Through this internship, we had the opportunity to gain experience with practical applications of global health work in Malawi, a country that offers significantly different experiences from those available in Taiwan. One of the key elements of our internship was learning when to lead and when to follow. Most of the time, we focused on supporting the activities that DHO was already working on or following the directions of the teachers and students tasked with overseeing the community garden. In the end, for successful and sustainable global health work, the work must benefit the host organization and fieldwork sites in the ways they need. However, sometimes the organization’s needs, plans, or situations change suddenly. Because of this, we developed a lot of flexibility, adaptability, and innovation that enabled us to complete our objectives.
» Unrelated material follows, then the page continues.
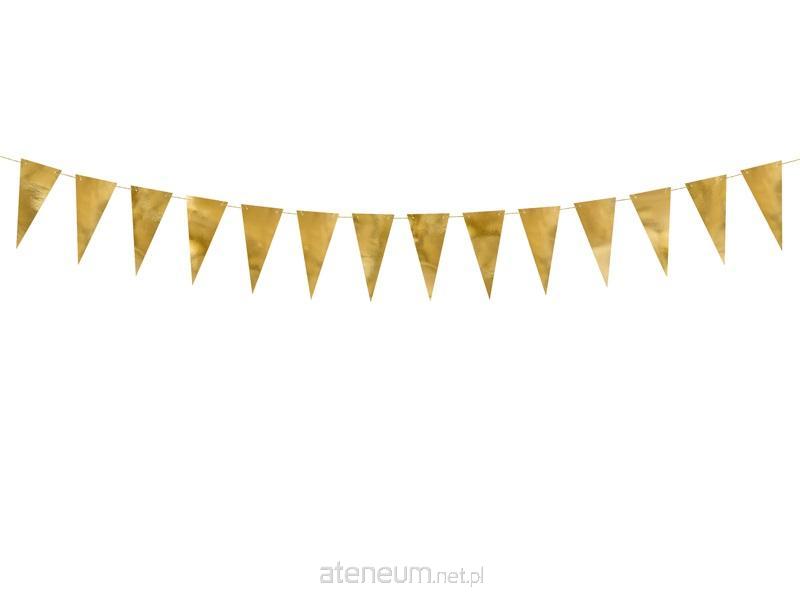 Girlanda flagietki w kolorze złotym lustrzanym, do samodzielnego złożenia, zestaw zawiera 14 flagietek i ok. 3 m złotego sznurka, wymiary po złożeniu: wysokość ok. 13 cm, długość ok. 2,15 m.

We learned that global health requires patience. Enacting global health programs and seeing results from global health capacity building can take a long time, and milestones are often measured in years instead of months. As we spoke with community members and leaders in public health, we realized how much the public health landscape in Malawi has changed over the past decade. Many of the activities that we did and surveillance programs that we learned about did not exist only 20 years ago. While we had an incredible experience and saw success in the projects that we implemented, we also acknowledge that our internship was the culmination of three years of collaboration between SHANTU and LIN in Malawi. In this way, our visit to Malawi was a unique opportunity to see the results of this virtual relationship come to fruition.

We also learned about Malawian culture, particularly the importance of community leaders and respected individuals in decision-making for the community. Approval by the community leaders is very important for outsiders, and without their approval, we would have had fewer opportunities to participate in events, learn, or implement our projects. These community members attended meetings at Chiputula, saw the transplanting of the vegetable garden, and invited us to community events, all of which gave legitimacy to our actions within the communities we served. We experienced important aspects of Malawian culture, including dietary patterns, music, dance, and hospitality. Although these do not always relate directly to global health work, culture and traditions largely influence the way that people experience health.

Working on public health campaigns, promoting nutrition education and community gardens, and connecting with others who are passionate about global health were unique experiences that will shape our actions and beliefs as future leaders in global health. Many of us laid the groundwork for collaboration and continued work in Malawi, and we cannot wait to see what opportunities arise. We learned so much about health and the world thanks to the collective efforts of so many. We are grateful to all the people who provided us with this opportunity, and those who opened their hearts and their lives to teach us and pass on their knowledge and experiences. Tawonga chomene.